This summer, the St. Paul City Council implemented a new ordinance in order to limit the growth of off-campus student housing. The new measure requires that new student rentals be at least 150 feet from existing student rentals. The affected area is located near St. Thomas University, and the ordinance was passed over objections from St. Thomas. Developments like this serve as practical lessons on the value of student involvement in local government.
The ordinance is intended to alleviate problems of overcrowding, excessive vehicular traffic, demand for available parking, noise and nuisance complaints from residents in the affected neighborhoods. Had the ordinance not passed in St. Paul, the list brings to mind the same conditions found in the Dinkytown, Marcy-Holmes and SoutheastComo neighborhoods near the University of Minnesota.
The consequences of such an ordinance would be severe — when many students walk, area close to a campus is valued at a premium. Restricting the density of student rentals of existing property would make continued expansion of student housing difficult and serve to drive up prices students pay — in an area where the rental density is obscenely high, despite continued development of high density student housing by developers like Doran. When student loans are available to help pay for the cost of housing while in school — about how much money is available in student loans is indexed to the cost of living — the normal rules of supply and demand each student learns in class fails to apply.
The ordinance affects St. Thomas, St. Catherine and Macalester colleges. St. Thomas has decided that it is going to accept the new ordinance in St.

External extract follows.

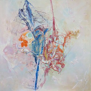 Abstract kunstwerk in olieverf op linnen doek, heldere kleuren, dynamische textuur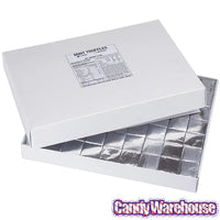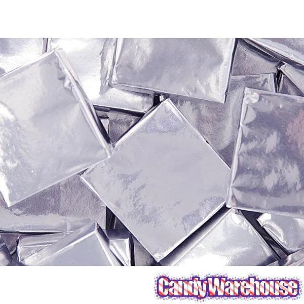 Box contains 5 pounds of Silver Foil Wrapped Truffle Mint Chocolate Squares.

Paul and that they will move on. With just 6,000 undergraduates, and only slightly more than half living off campus, the effect is small compared to if such a policy were adopted near the University of Minnesota and its nearly 65,000 students.
The University maintains an active relationship between the administration and the local neighborhoods through the University District Alliance, which serves as a forum for representatives from the University, the Minnesota Student Association, Graduate and Professional Student Assembly, Augsburg College and the various neighborhoods. Such groups help address concerns of respective groups and make sure that a unified vision for the area can be agreed upon to drive policy-making that is carried out across a wide range of institutions. In turn, the interests of the University are strongly represented — an essential component of developments such as football returning to campus at TCF Bank Stadium.
Ensuring the availability of student housing at reasonable rates is a significant concern about the total cost of higher education, which has outpaced inflation and saddled students graduating today with massive debt. However, if St. Thomas has chosen not to fight the restriction, can students at the University of Minnesota trust the administration to take their interests into account? To ensure that city zoning laws are not part of the problem, students must not abdicate an active role in engaging neighborhood associations and the city council.
The most alarming side of this issue is how few students are involved in these decisions, or are even aware they are being made. The situation may indicate disconnects between the local governments that decide zoning restrictions and residents.